WITH around a dozen fatalities in the last couple of weeks, the number of street crimes and robberies in Karachi has touched a new peak of sorts. This has coincided with the arrival of people who have been displaced by the recent floods. This is not to suggest that the two elements are interlinked. On the contrary, the impunity with which the criminals carry out their nefarious operations, and the speed at which they execute their plans suggest that the culprits are completely comfortable with the geography and dynamics of the city. A displaced stranger would struggle on both counts.
Regardless of who does it, the fact remains that people in Karachi do not have a sense of security that the other big cities in Pakistan enjoy. Watching CCTV footages of crime incidents, it seems that there is no law enforcement agency in Karachi, and citizens are left to fight their own battles with the criminals, or to merely surrender which is the case more often than not. People clearly are on their own when it comes to saving their lives and their valuables on the roads, in markets, restaurants and even in their homes.

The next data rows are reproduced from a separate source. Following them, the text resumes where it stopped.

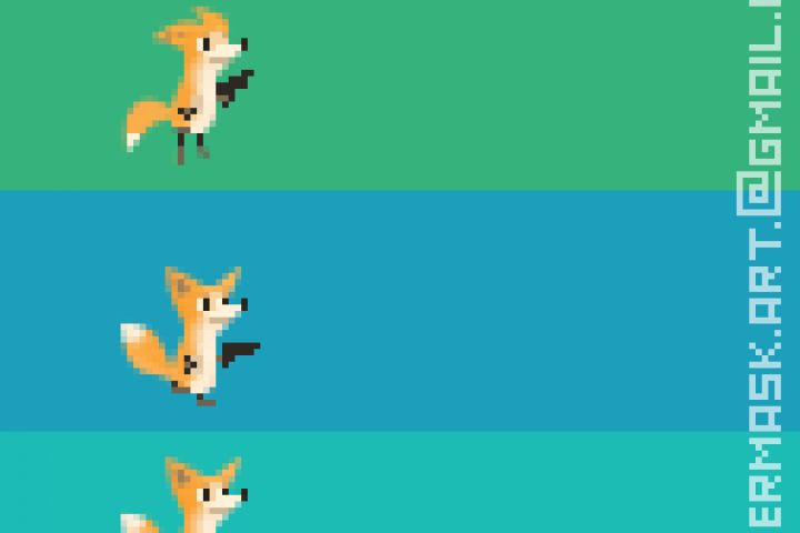 Задание: для компьютерной игры нужно было разработать персонажа и сделать его анимацию, нарисовать ключевые кадры. Персонаж - лисенок с пистолетом.
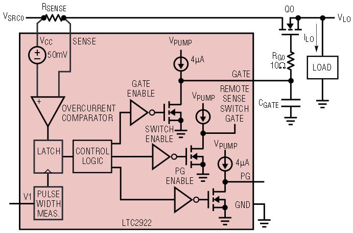 Integrated N-channel FET switches provide remote sense paths between the loads and the supply sources’ Kelvin sense pins. After the external series FETs are completely enhanced, the low resistance remote sense switches are automatically switched on, forcing the supply sources to increase enough to compensate for the series voltage drops. The LTC2921 family of parts offers three remote sense switches per package, while the LTC2922 family of parts offers five remote sense switches per package.
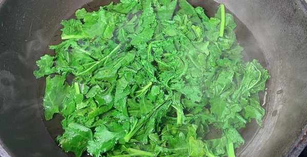 2、炒锅中加水烧开,放入一点盐,将洗好的芥菜叶子倒入水中,芥菜叶子表面带有刺毛且含有辣味,用热水焯一下能加以改善,为了使焯水后的芥菜叶子看起来更加嫩绿,在水中滴一滴食用油,芥菜叶子焯水时间不易过长,防止破坏维生素,将焯好水的芥菜叶子放入凉水中过凉捞出。
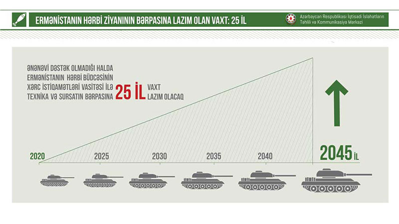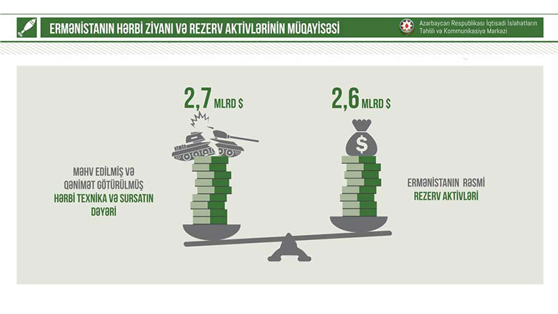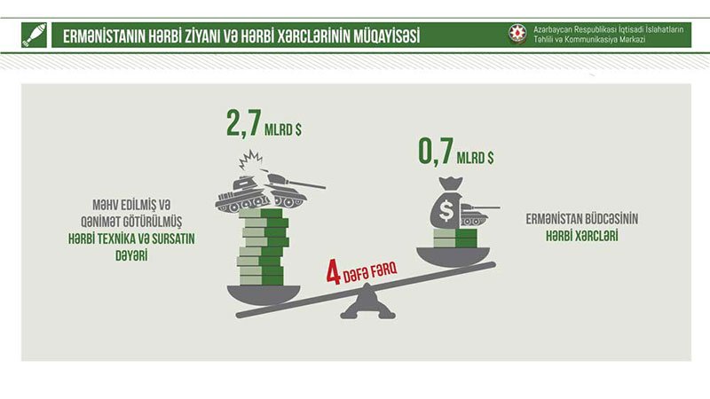 Cəmi bir ay ərzində Ermənistana vurulan hərbi ziyan bu ölkənin ümumi hərbi xərclərini 4 dəfə üstələyir. Ancaq 716 milyon ABŞ dolları civarında hərbi büdcəsi olan bir ölkənin milyardlarla dollar silah arsenalına sahib olması iqtisadi qanunauyğunluqlarla heç bir halda izah oluna bilməz. Belə ki, cəmi 2,6 milyard ABŞ dolları həcmində rezerv aktivləri olan Ermənistanın iqtisadi gücü bu silahları əldə etmək baxımından xeyli məhduddur. Digər tərəfdən bir aylıq müharibədə itirdiyi hərbi texnikanın miqdarı Ermənistanın silahlanmanın məhdudlaşdırılmasını nəzərdə tutan “Avropada Adi Silahlı Qüvvələr üzrə Saziş”in şərtlərini də pozduğunu və bu müqavilənin şərtlərinə uyğun olmayan həddə silah və hərbi texnika saxladığını ortaya çıxarıb.
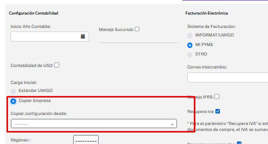 La opción "Copiar configuración desde" permite al usuario copiar toda la parametrización desde una Empresa que ya exista en Uwigo, evitando tener que volver a crear la misma configuración.
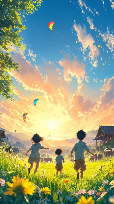 Gia Đình Thả Diều Hoàng Hôn - AI Art Thiên Nhiên 4K

There is a sort of consensus on social media that people should ensure their own security, as the government has failed in controlling lawlessness in the metropolis. Nobody quite knows how, though.
Is there any accountability process for federal, provincial or local elected governments and law-enforcement agencies? Can we, the citizens, ask the heads of bodies and agencies to step down when people have simply lost faith in them, their capacity and, more critically, their sincerity in ensuring the safety and security of the common man?
In addition to the worsening law and order situation in the city, civic life in Karachi is on the verge of collapse on multiple counts. There are garbage-collection issues, shortage of water, lack of electricity and gas facilities due to inefficient management of utility companies. Together, they cause mental and physical agony to people, leaving them depressed and frustrated.
The Supreme Court should take suo motu notice of the situation, and ask the relevant authorities to present a timeframe for resolving all such issues. If they are not able to deliver, they should go home. Enough is enough. Karachi and Karachiites have been suffering for long. It is time to take immediate action.